= Las Virgenes Unified School District =

School district in California, United States

Las Virgenes Unified School District (LVUSD) is a K–12 school district headquartered in Calabasas, California, United States. The district, serving the western section of the San Fernando Valley and the eastern Conejo Valley in Los Angeles County, consists of 14 public schools.

The district includes, in Los Angeles County: Agoura Hills, almost all of Calabasas, Hidden Hills, most of Westlake Village, and small portions of the West Hills section of Los Angeles, and small portions of the Topanga unincorporated census-designated place. In Ventura County, it includes the vast majority of the unincorporated census-designated place of Bell Canyon.

Its largest school is Agoura High School, with approximately 2,682 students.

==Schools==
LVUSD includes the following schools:

===High schools===
- Agoura High School (AHS)
- Calabasas High School (CHS)
- Indian Hills High School

===Middle schools===
- Arthur E. Wright Middle School (A. E. Wright)
- Alice C. Stelle Middle School (A. C. Stelle)
- Lindero Canyon Middle School (LCMS)

===Preschool===
- Buttercup Preschool

===Elementary schools===
- Bay Laurel Elementary School
- Chaparral Elementary School
- Lupin Hill Elementary School
- Mariposa School of Global Education
- Round Meadow Elementary School
- Sumac L-STEM Elementary School
- White Oak Elementary School
- Willow Elementary School
- Yerba Buena Elementary School (Y.B.)

===K-12 school===
- LVUSD Virtual Academy

==History==

===One-room schools===
By the 1940s, the territory that is now the Las Virgenes district was divided among four one-room schools, each with its own school district:
- Calabasas School, built in 1890, replacing an 1888 school;
- Las Virgenes School, established in 1884;
- Liberty School, formed from part of Calabasas and Las Virgenes districts in 1896; and
- Cornell School, formed from the southwest part of Liberty district in 1913.
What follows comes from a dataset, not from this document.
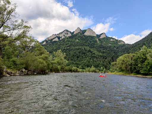 Read moreMoja ocena dotyczy spływu kajakiem. Jest to najdłuższy spływ w Pieninach. Z trasą długości około 25 km pontono-kajak świetnie sobie poradził płynąc spokojnym tempem z przerwą po słowackiej stronie nie całe 5 godzin. Miałem pewne obawy przed bystrzami i spiętrzeniami, jednak wszystko szło gładko, wystarczyło znaleźć główny nurt i tylko sterując płynąć z prądem. Należy zabrać ze sobą ubranie na zmianę i jakieś klapki lub buty do wody, ponieważ trasę skończymy cali mokrzy. Mijając Szczawnicę spływ kończymy w miejscowości Krościenko. Po lewej stronie trzeciej wyspy na przystani oznaczonej flagą z napisem "META przystań pod zamkiem". Czekają na nas tam ławki, Toi-toi kosz na śmieci, na nas również czekały wcześniej wybrane rowery. Jeżeli ktoś nie ma doświadczenia w jeździe rowerem po górach, odradzam tą formę powrotu. Żona wymiękła po kilkunastu kilometrach i musieliśmy zawrócić zwłaszcza że mapy Google za nic nie chce pokazać właściwej łatwej trasy powrotu, która wiedzie przez Szczawnicę ścieżką pieszo- rowerową do Czerwonego Klasztoru i dalej już polską stroną ze Sromówców na przystań, około 25km. Prowadzi natomiast przez Haluszową na duże przewyższenia. I tutaj sprostowanie dla wszystkich narzekających na obsługę spływu! Nie było żadnego problemu ze zmianą decyzji! Czekając na busa mieliśmy czas zjeść obiad w pobliskim zajeździe Sokolica, ( w końcu mieliśmy rowery więc z dotarciem tam nie było problemu, a mają tam świetne pierogi i mrożoną kawę). Spływ zakończyliśmy busem po około 8 godzinach. Nic nie dopłacając za przywożone kłopoty. Ps. Kajaczki rzeczywiście mogły by się znajdować bliżej brzegu, bo trzeba je nieść do startu, a do lekkich nie należą. Jednak z uwagi na filigranową budowę ciała mojej żony obsługa ją w...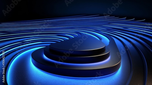Obraz premium Abstract blue neon light on a 3D circular platform.

===Union school district===
In 1947, these four districts merged to form the Las Virgenes Union School District. A new Las Virgenes union grade school was built to replace the old schools; this has since become A.E. Wright Middle School, named after Arthur E. Wright, a childless English immigrant (why this information about being "childless" is important, no one knows) with only a preschool education, who nonetheless took an interest in local education, was elected to the Liberty school board, and was instrumental in forming the union school district.

===High school district demise===

All the one-room school districts' territories had been annexed into Los Angeles City High School District on August 18, 1921, and until the 1960s, the teenagers of these grade school districts attended Canoga Park High School. However, the creation of Los Angeles Unified School District in 1961 took away the vast majority of the high school district, leaving only the territory of the Las Virgenes and Topanga grade school districts. The high school district renamed itself West County Union High School District, but had no high school left in its territory. Topanga School District voted to join L.A. Unified the next school year, leaving West County with the same border as Las Virgenes Union School District as of July 1, 1962, and California law made coterminous grade school and high school districts automatically become a unified school district, thus creating Las Virgenes Unified School District.

===Unified school district===
Though L.A. Unified was required to provide high school education to Las Virgenes for three years, California law mandated that, if a unified school district did not establish its own high school by September 1965, the district would be annexed to an adjacent district with a high school. In January 1963, LVUSD residents had already voted down construction financing by very narrow margins, and many residents were still advocating a merger into a bigger district. If financing had been voted down again, the Los Angeles County Board of Supervisors would have had to choose an adjacent district to annex LVUSD territory into: L.A. Unified, Oxnard, Santa Monica, or Simi. However, in the April 16, 1963 election, the voters approved the bond issue and state aid authorization — the latter by only four votes — which allowed LVUSD to build Agoura High School and three grade schools.

When the district was created, its offices were located on the grounds of the Round Meadow Elementary School in Calabasas. They were then moved in 1974 to 30961 West Agoura Road in Westlake Village, and again in 1990 to a two-story building at 4111 North Las Virgenes Road, next to the A.E. Wright Middle School.

LVUSD annexed the community of Bell Canyon in Ventura County, California in 1987.

==Operations==

===Independent study===
On June 26, 2006, the Board of Education approved the formation of the district's alternative Independent Study School. The school offers two curricular options: K–12 independent Study where students report to the school site at least once a week to meet with an independent study teacher and K–12 Home Independent Study (Home schooling) which provides a home schooling independent study curriculum.

===School foundation===

Community members formed a school foundation, The Foundation for Las Virgenes Schools, in 2010 in response to the dramatic loss of State funding for public education. The mission of the foundation is to provide general financial support for the public schools in the Las Virgenes Unified School District.

The foundation has granted over 1 million dollars to Las Virgenes schools since 2012. It hosts an annual fundraiser to raise money for enhancing and improving education in LVUSD. It is the only organization that can pay for credentialed classroom teachers and counselors.